Type: New Feature Priority: Minor
Reporter: Nathan Neulinger Assignee: Mike Jerris
Resolution: Fixed Votes: 0
Labels: None
Remaining Estimate: Not Specified
Time Spent: Not Specified
Original Estimate: Not Specified

CPU Architecture:
x86-64
Kernel:
Linux
Userland:
GNU/Linux
Distribution:
Debian
Distribution Version:
Debian 8 jessie
Compiler:
gcc
FreeSWITCH GIT Revision: 35ee4ee593e729dd0bc5d672fac5ef35928b68aa
GIT Master Revision hash:: 35ee4ee593e729dd0bc5d672fac5ef35928b68aa

 Description   
I had an event that caused a leak/exhaustion of sessions. The problem is - I had NO way to determine from logs where/when they were created - such as accumulation or a sudden flood/burst.

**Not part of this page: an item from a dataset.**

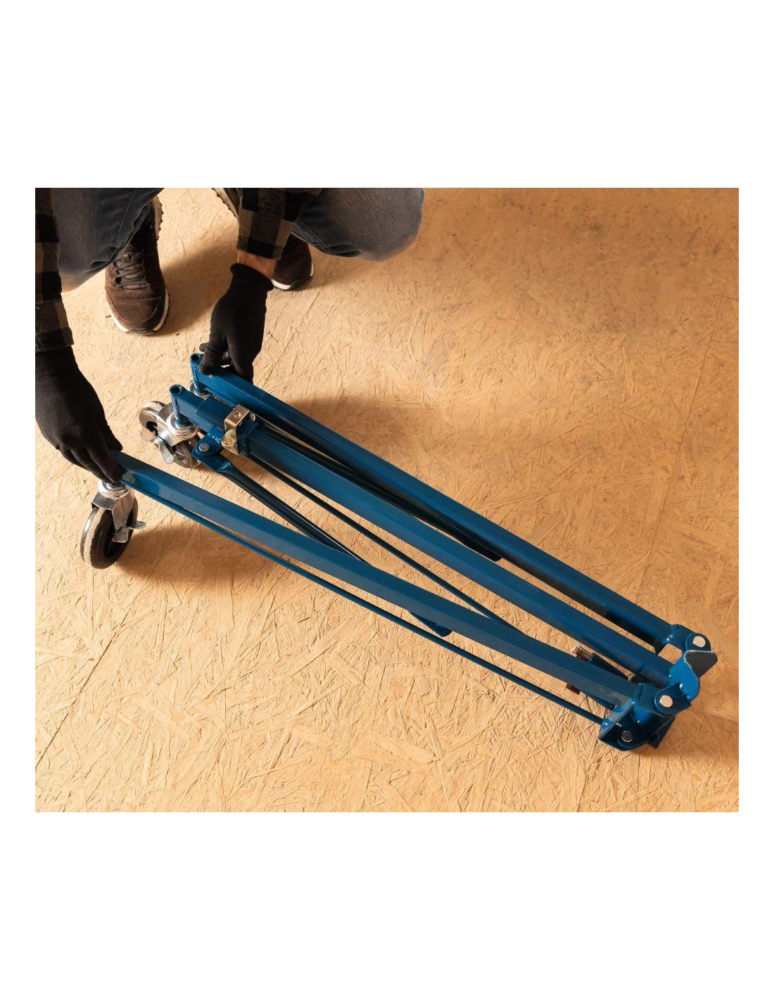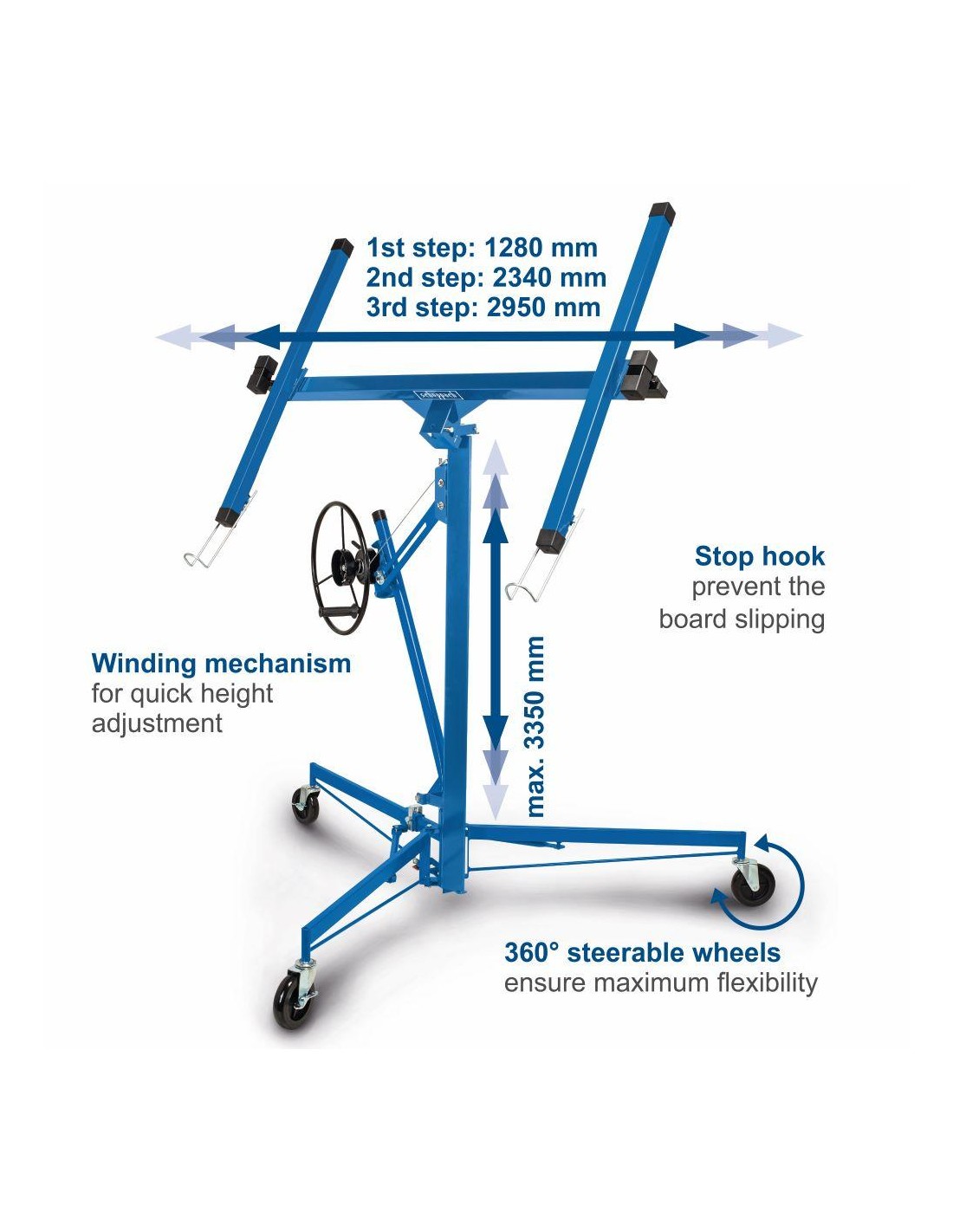 L'élévateur pour cloisons sèches Scheppach TBL400 est l'aide au montage optimale pour les travaux en hauteur dans l'aménagement intérieur ou la construction de cloisons sèches. À l'aide du TBL400, des plaques de plâtre, des panneaux de particules, des panneaux de bois et de métal jusqu'à un poids maximum de 68 kg peuvent être fixés sans effort. La grande plage de levage de 1 220 mm à 3 350 mm et les deux bras d'extension extensibles avec une extension en trois étapes (1 280 / 2 340 / 2 950 mm) garantissent une utilisation flexible. Le lève-panneaux est inclinable à 60° et convient donc également aux plafonds et murs inclinés.

This patch (adding PR shortly) adds DEBUG level logging of session creation to correspond with the Session X (...) Ended logging output that currently exists at NOTICE level.

 Comments   
Comment by Nathan Neulinger [ 19/Jul/16 ]
Example log snippet:

{noformat}
3a133109-e1a1-4fc5-af91-6506578e748f 2016-07-19 09:53:30.233585 [DEBUG] switch_core_session.c:2358 Session 1 Created (Total 1)
66746841-77f6-432a-a51a-3df2c619dc36 2016-07-19 09:53:30.253546 [DEBUG] switch_core_session.c:2358 Session 2 Created (Total 2)
a5e59172-0eca-436d-93f0-2a4cbeda0134 2016-07-19 09:53:30.253546 [DEBUG] switch_core_session.c:2358 Session 3 Created (Total 3)
96cc65b7-0b1d-4837-9e36-7c47792c2625 2016-07-19 09:53:30.273545 [DEBUG] switch_core_session.c:2358 Session 4 Created (Total 4)
66746841-77f6-432a-a51a-3df2c619dc36 2016-07-19 09:53:32.713574 [DEBUG] switch_core_session.c:1647 Session 2 (loopback/5733417975-a) Locked, Waiting on external entities
3a133109-e1a1-4fc5-af91-6506578e748f 2016-07-19 09:53:32.713574 [DEBUG] switch_core_session.c:1647 Session 1 (sofia/freesw-vip-voip-5090/5733416679@voice-dev.mst.edu) Locked, Waiting on external entities
3a133109-e1a1-4fc5-af91-6506578e748f 2016-07-19 09:53:32.713574 [NOTICE] switch_core_session.c:1665 Session 1 (sofia/freesw-vip-voip-5090/5733416679@voice-dev.mst.edu) Ended
66746841-77f6-432a-a51a-3df2c619dc36 2016-07-19 09:53:32.713574 [NOTICE] switch_core_session.c:1665 Session 2 (loopback/5733417975-a) Ended
a5e59172-0eca-436d-93f0-2a4cbeda0134 2016-07-19 09:53:32.713574 [DEBUG] switch_core_session.c:1647 Session 3 (loopback/5733417975-b) Locked, Waiting on external entities
a5e59172-0eca-436d-93f0-2a4cbeda0134 2016-07-19 09:53:32.713574 [NOTICE] switch_core_session.c:1665 Session 3 (loopback/5733417975-b) Ended
96cc65b7-0b1d-4837-9e36-7c47792c2625 2016-07-19 09:53:32.713574 [DEBUG] switch_core_session.c:1647 Session 4 (sofia/internal/5733417975@67.43.241.123:5060) Locked, Waiting on external entities
96cc65b7-0b1d-4837-9e36-7c47792c2625 2016-07-19 09:53:32.713574 [NOTICE] switch_core_session.c:1665 Session 4 (sofia/internal/5733417975@67.43.241.123:5060) Ended
{noformat}
Comment by Nathan Neulinger [ 19/Jul/16 ]
https://freeswitch.org/stash/projects/FS/repos/freeswitch/pull-requests/914/overview
Comment by Mike Jerris [ 19/Jul/16 ]
isn't there already logging for them in NEW state that should cover this?
Comment by Nathan Neulinger [ 19/Jul/16 ]
Not that I'm seeing that easily ties to the numeric session #. It may be possible to backtrack based on the uuid to find the start of that session, but it's not clear that is always useful - such as sessions created by mod skinny.
Comment by Nathan Neulinger [ 19/Jul/16 ]
It's also not clear when the session was created in those cases.
Comment by Mike Jerris [ 19/Jul/16 ]
whats the advantage of that session number being logged at all? The reason i push on this is these messages seem to add no real value over what is already there.
Comment by Nathan Neulinger [ 19/Jul/16 ]
The scenario is "session exhaustion". While YOU might know every place in the code that a session could have been created, I certainly don't.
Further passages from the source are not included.